_Required work:_ Each and every line below goes into your answer unchanged, but leave out the images.

_Dataset extract:_
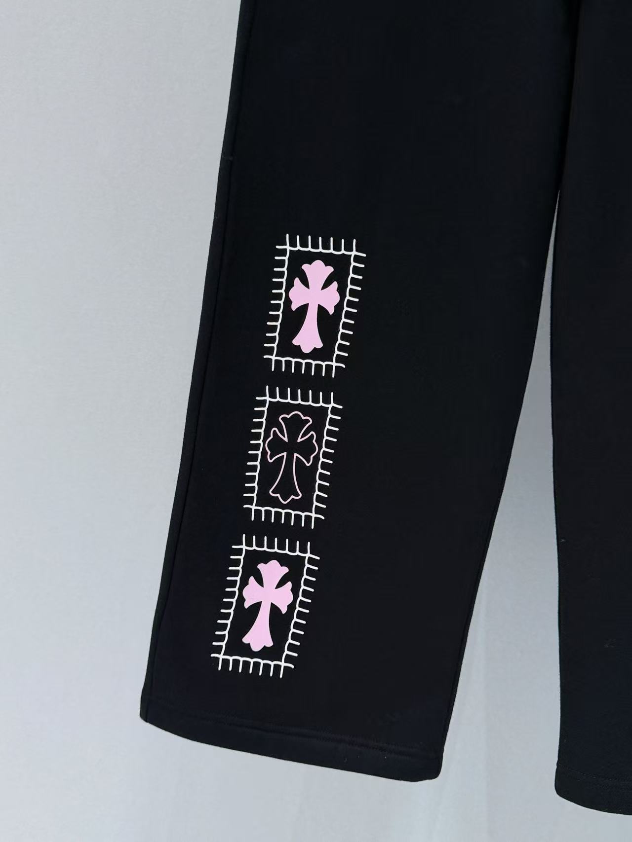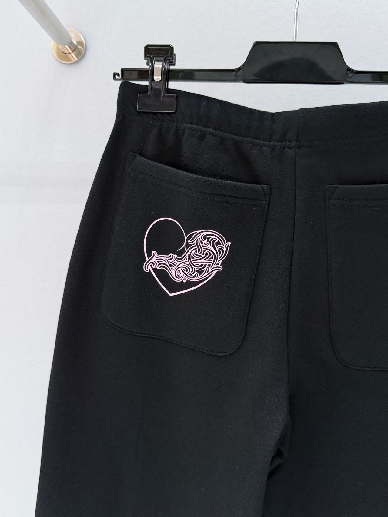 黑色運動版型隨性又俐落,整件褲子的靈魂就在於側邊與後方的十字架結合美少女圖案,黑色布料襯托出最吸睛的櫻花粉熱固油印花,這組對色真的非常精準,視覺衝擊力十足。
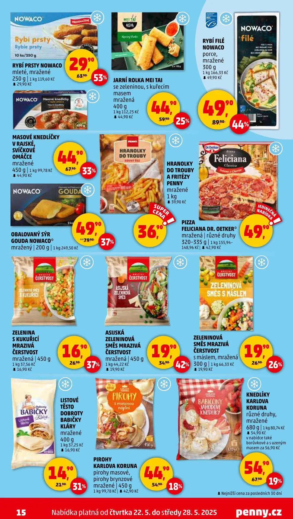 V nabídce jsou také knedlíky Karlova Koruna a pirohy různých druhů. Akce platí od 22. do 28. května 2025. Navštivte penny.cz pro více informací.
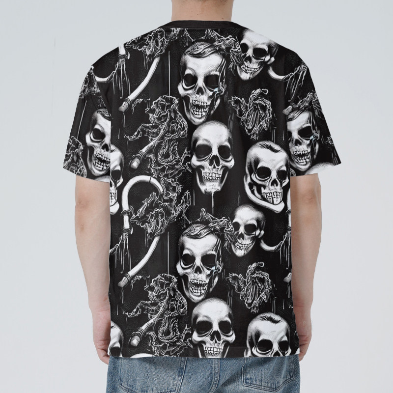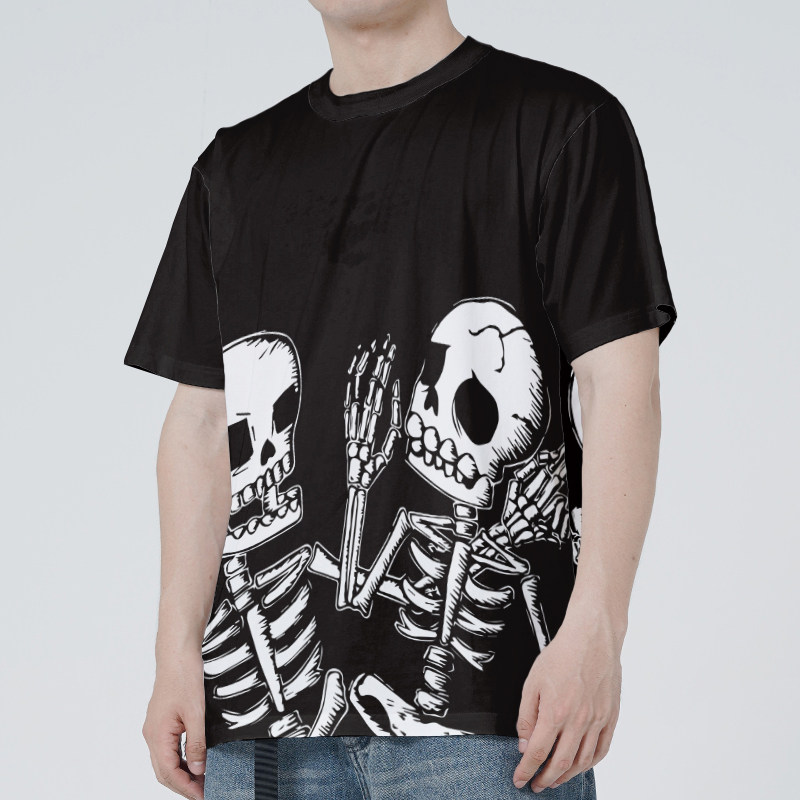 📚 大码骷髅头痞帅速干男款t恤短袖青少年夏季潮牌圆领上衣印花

_Answer to the problem:_
 黑色運動版型隨性又俐落,整件褲子的靈魂就在於側邊與後方的十字架結合美少女圖案,黑色布料襯托出最吸睛的櫻花粉熱固油印花,這組對色真的非常精準,視覺衝擊力十足。
 V nabídce jsou také knedlíky Karlova Koruna a pirohy různých druhů. Akce platí od 22. do 28. května 2025. Navštivte penny.cz pro více informací.
 📚 大码骷髅头痞帅速干男款t恤短袖青少年夏季潮牌圆领上衣印花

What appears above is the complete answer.